Well, at least Ben Hallgren isn't going to jail for using his medicine.

But the 23-year-old is certainly caught in the vortex of America's changing drug laws. A few months ago Hallgren was living in Colorado and working as a technician at a ski resort. Today he's living with his mom near Duluth, jobless, in legal limbo and not sure whether he can go back home.

I first wrote about Hallgren in November. He was on his way from Colorado to northern Minnesota to spend time with his dying father when he was stopped by a law enforcement officer in Jackson County. Hallgren's headlight was out, and the officer noticed drug paraphernalia inside the car.

Hallgren readily surrendered the "bong," along with just under two pounds of marijuana in both plant and edible form. Hallgren suffers from irritable bowel syndrome (IBS), and has a physician's certificate to use marijuana to ease sometimes acute symptoms of his condition.

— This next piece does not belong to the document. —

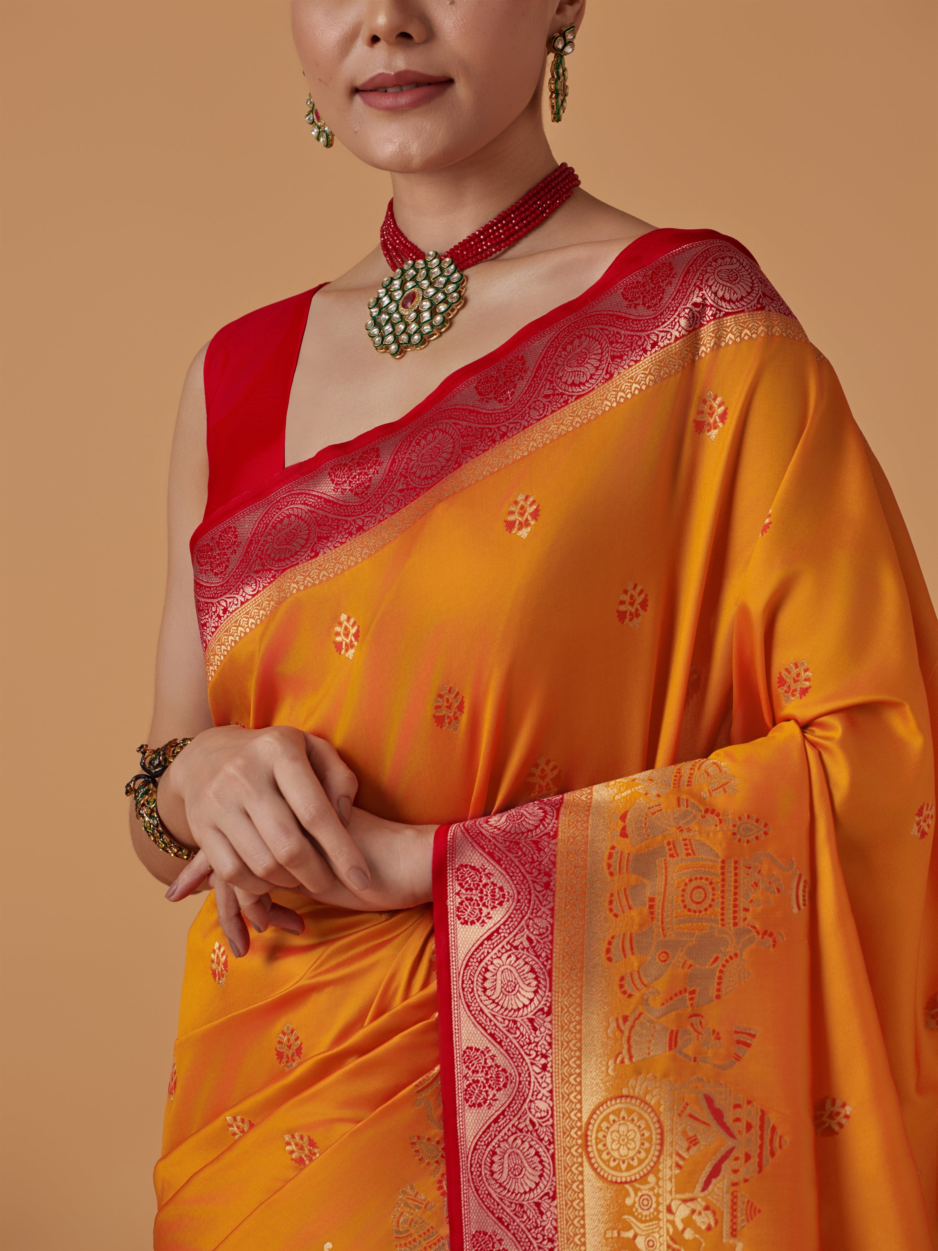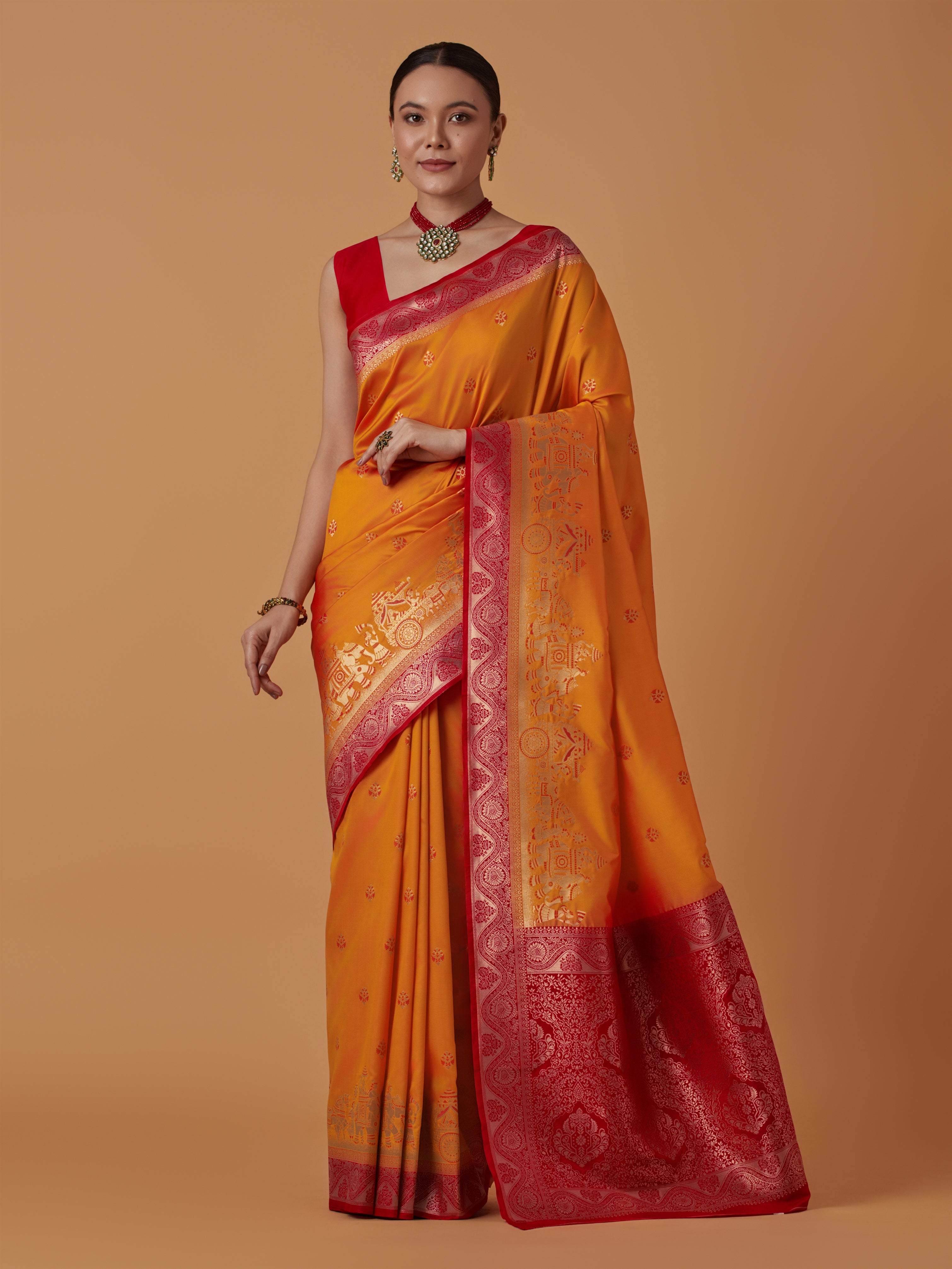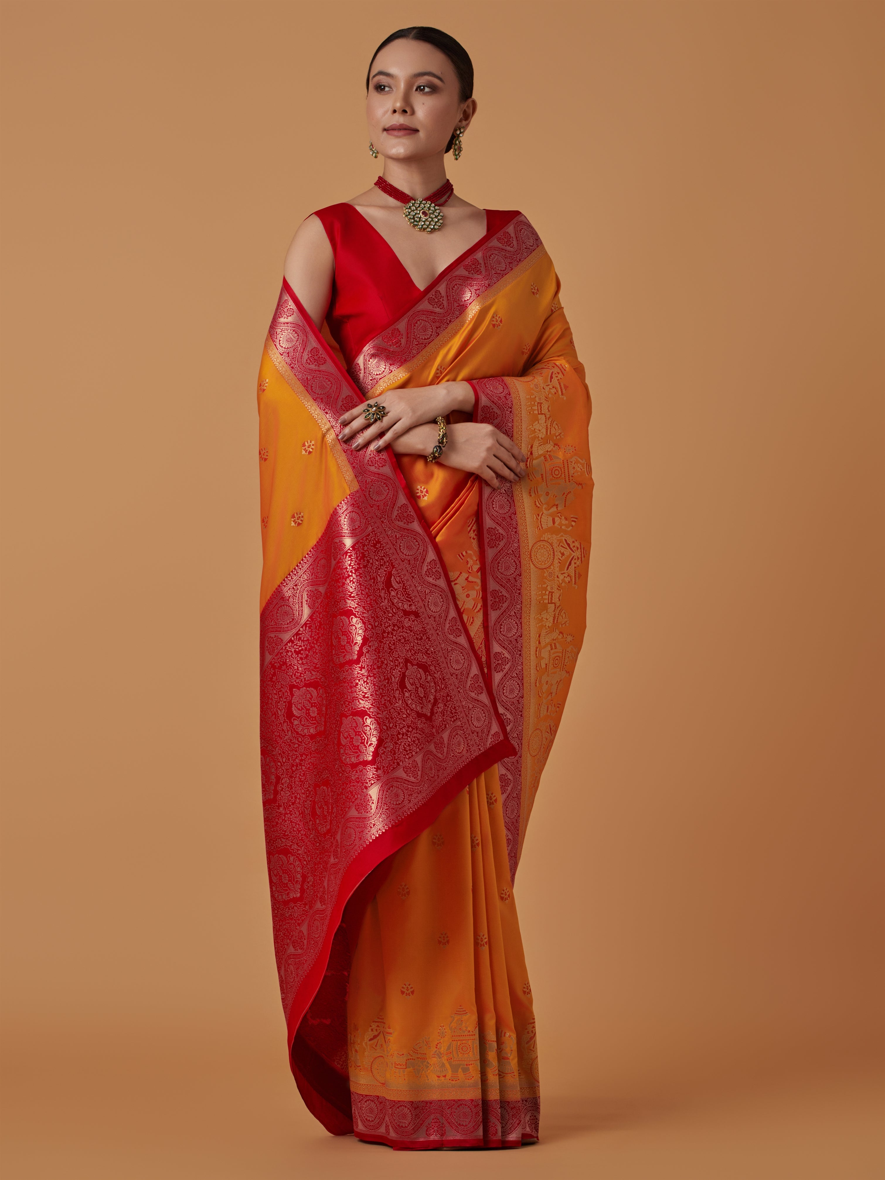 Orange Banarasi Silk Blend Saree, Featuring The Iconic Dulha Dulhan Design That Beautifully Symbolizes Love And Tradition. Adorned With Intricate Zari Weaving And A Vibrant Contrast Pallu, Pair It With Traditional Jewelry To Complete Your Look.

Of course, that does no good in Minnesota, where medical use of pot will be eased in the next year.

Hallgren was arrested, jailed for a couple of days and charged with felony possession of an illegal substance. Tempted by a plea bargain that would allow him to remain out of jail, Hallgren recently agreed to a deal that would put him on probation for three to five years and allow his record to be expunged if he stayed out of trouble.

Now Hallgren, who had no criminal record before the pot bust, is remorseful that he took the deal because he's realized it will impede his life for several years.

"I can't vote or travel for three to five years," he said. "I can't believe what has happened to me because I was a medical patient."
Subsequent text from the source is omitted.